## DATA FOR THIS TASK
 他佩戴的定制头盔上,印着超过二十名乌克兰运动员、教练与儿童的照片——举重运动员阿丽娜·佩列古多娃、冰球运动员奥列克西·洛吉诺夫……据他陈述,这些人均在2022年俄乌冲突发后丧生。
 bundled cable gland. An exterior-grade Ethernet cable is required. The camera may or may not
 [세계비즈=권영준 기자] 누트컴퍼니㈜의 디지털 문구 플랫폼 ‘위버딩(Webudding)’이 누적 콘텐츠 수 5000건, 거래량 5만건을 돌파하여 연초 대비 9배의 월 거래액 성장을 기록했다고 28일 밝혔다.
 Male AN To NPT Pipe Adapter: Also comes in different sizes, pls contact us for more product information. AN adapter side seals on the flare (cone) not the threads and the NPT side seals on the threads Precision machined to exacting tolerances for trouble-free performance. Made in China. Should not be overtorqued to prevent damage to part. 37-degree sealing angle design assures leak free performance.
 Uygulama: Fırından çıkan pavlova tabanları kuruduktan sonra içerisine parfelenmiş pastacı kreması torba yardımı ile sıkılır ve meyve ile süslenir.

--

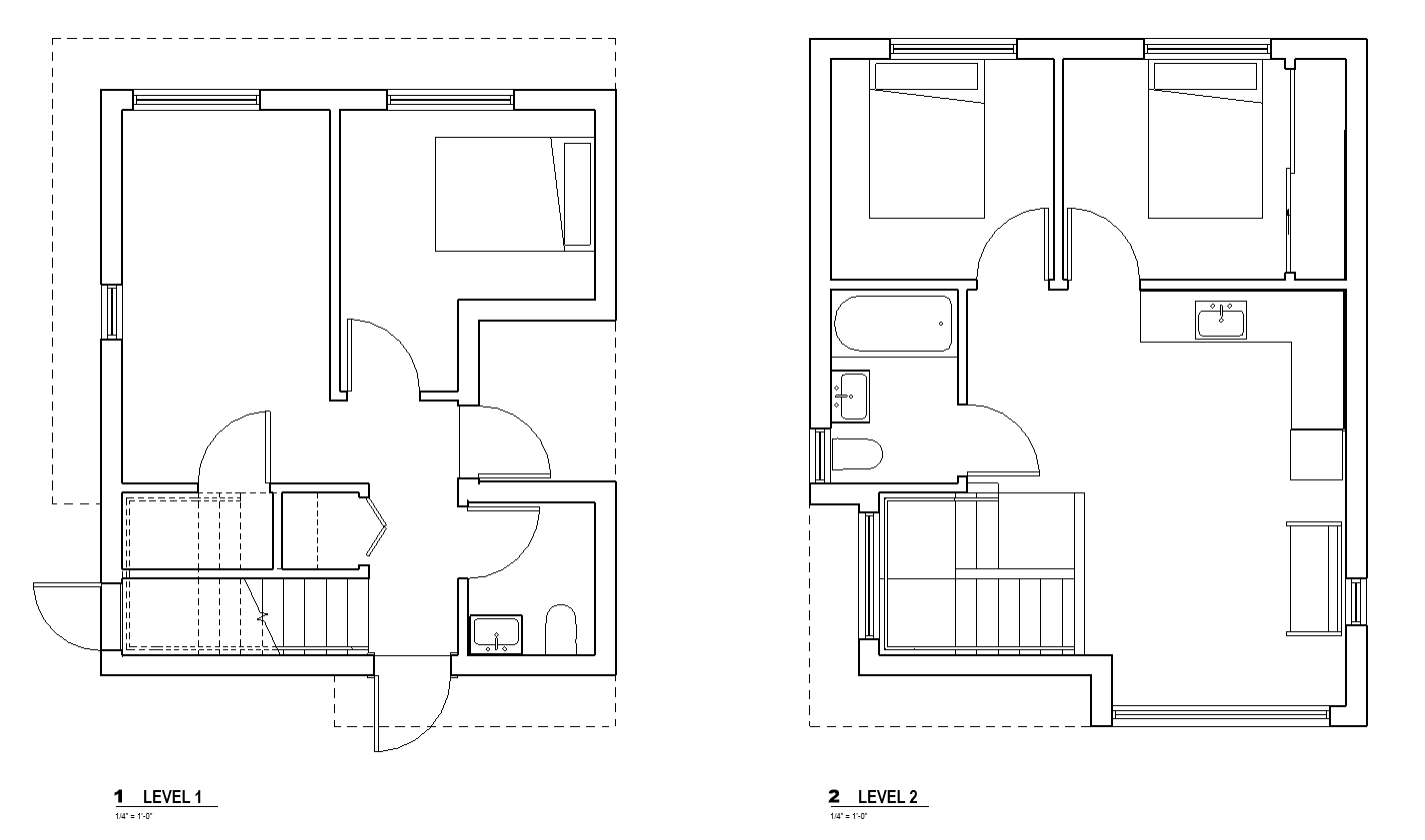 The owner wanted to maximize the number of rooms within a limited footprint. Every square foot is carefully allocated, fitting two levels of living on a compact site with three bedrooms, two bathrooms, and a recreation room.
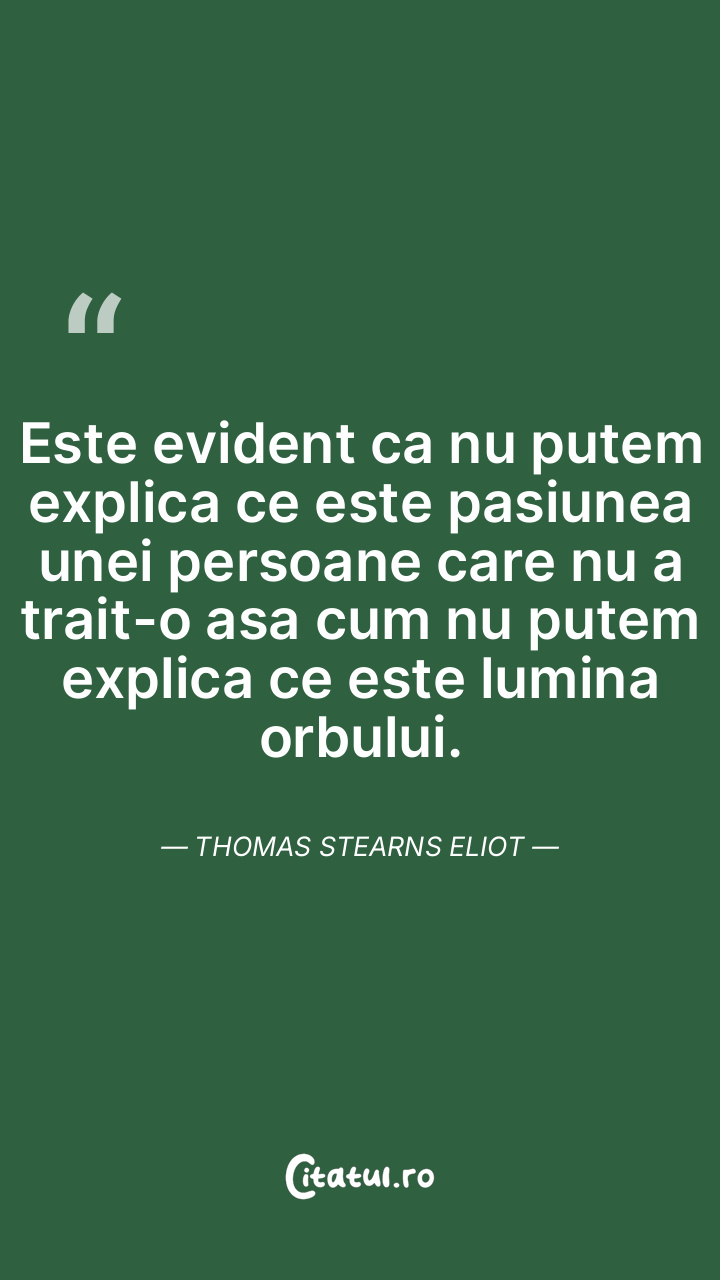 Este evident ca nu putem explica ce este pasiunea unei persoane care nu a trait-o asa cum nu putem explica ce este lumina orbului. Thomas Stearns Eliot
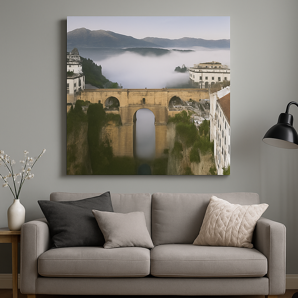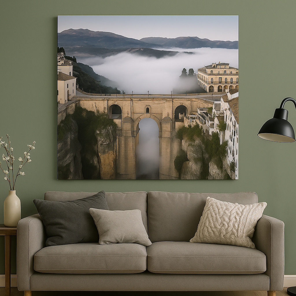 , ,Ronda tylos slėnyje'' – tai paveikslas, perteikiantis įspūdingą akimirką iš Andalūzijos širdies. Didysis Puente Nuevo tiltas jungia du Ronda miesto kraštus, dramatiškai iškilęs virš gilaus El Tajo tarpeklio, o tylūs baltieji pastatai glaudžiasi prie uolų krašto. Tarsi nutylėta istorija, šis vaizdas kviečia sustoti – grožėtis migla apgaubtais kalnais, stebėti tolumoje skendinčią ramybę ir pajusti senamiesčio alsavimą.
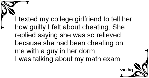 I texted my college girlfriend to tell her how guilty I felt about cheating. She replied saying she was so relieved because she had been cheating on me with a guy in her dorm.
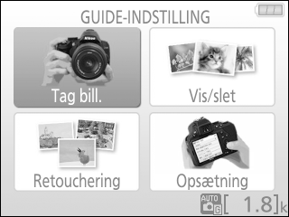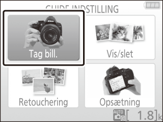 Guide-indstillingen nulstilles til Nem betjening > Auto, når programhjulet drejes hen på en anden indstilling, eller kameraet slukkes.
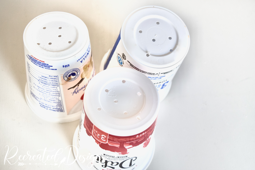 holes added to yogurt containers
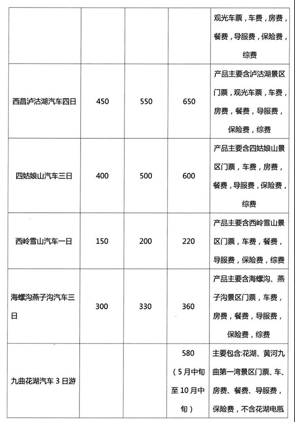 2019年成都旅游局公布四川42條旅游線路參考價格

* * *

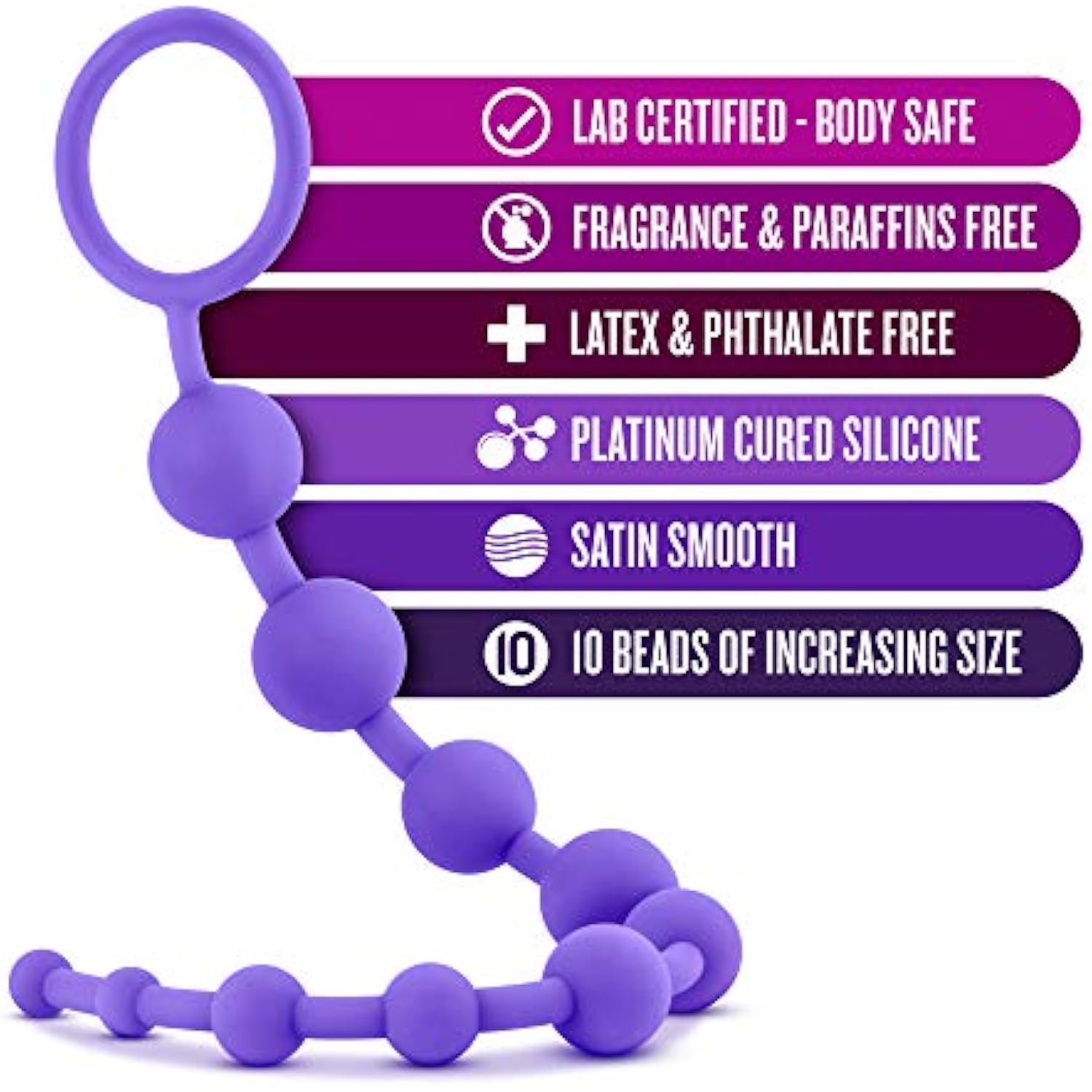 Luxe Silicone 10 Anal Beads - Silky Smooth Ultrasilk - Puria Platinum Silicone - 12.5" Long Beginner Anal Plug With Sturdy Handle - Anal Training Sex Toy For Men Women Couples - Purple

## ASSIGNMENT
Look back over the records above. Reproduce exactly everything from the line with "Guide-indstillingen nulstilles til" down to the line with "2019年成都旅游局公布四川42條旅游線路參考價格", inclusive, and leave the pictures out.

## ANSWER BOX
 Guide-indstillingen nulstilles til Nem betjening > Auto, når programhjulet drejes hen på en anden indstilling, eller kameraet slukkes.
 holes added to yogurt containers
 2019年成都旅游局公布四川42條旅游線路參考價格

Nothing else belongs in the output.